Write out the entire listing below exactly as it appears, minus any pictures.

DATASET EXCERPT:
————————
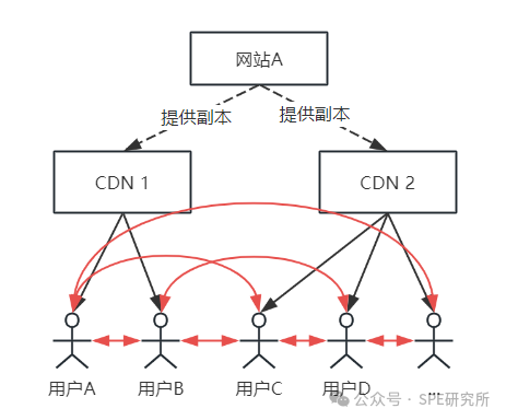(如下图,除了从CDN节点获取数据外,还能从其他用户侧获取数据,也能作为节点给其他用户提供数据)
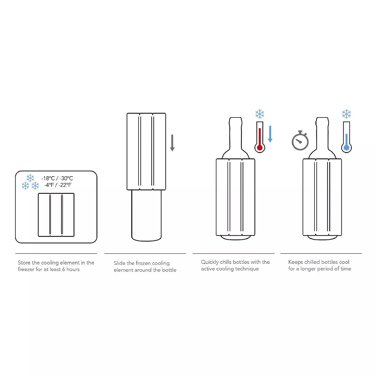 The Vacu Vin Active Cooler Wine Silver actively chills your favourite bottle of wine and keeps it cool and refreshing. The insulated bottle cooler sleeve keeps the bottle at its ideal serving temperature until the last sip. For optimal use, keep the reusable sleeve in the freezer for at least 6 hours.
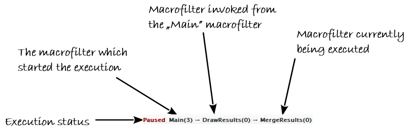 At each moment of a program execution you can see on the Application Status Bar which macrofilter instance is currently being executed. This is called a call-stack, because not only the name of the macrofilter is displayed, but also all the names of the parent macrofilters.
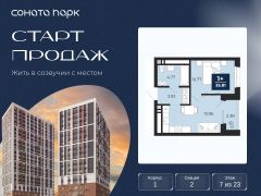 Однокомнатная квартира от застройщика с предчистовой отделкой в ЖК "Соната Парк" на 7 этаже. Общая площадь: 35.81 кв.м. Высота потолков 2.72 м.
————————
RESULT:
(如下图,除了从CDN节点获取数据外,还能从其他用户侧获取数据,也能作为节点给其他用户提供数据)
 The Vacu Vin Active Cooler Wine Silver actively chills your favourite bottle of wine and keeps it cool and refreshing. The insulated bottle cooler sleeve keeps the bottle at its ideal serving temperature until the last sip. For optimal use, keep the reusable sleeve in the freezer for at least 6 hours.
 At each moment of a program execution you can see on the Application Status Bar which macrofilter instance is currently being executed. This is called a call-stack, because not only the name of the macrofilter is displayed, but also all the names of the parent macrofilters.
 Однокомнатная квартира от застройщика с предчистовой отделкой в ЖК "Соната Парк" на 7 этаже. Общая площадь: 35.81 кв.м. Высота потолков 2.72 м.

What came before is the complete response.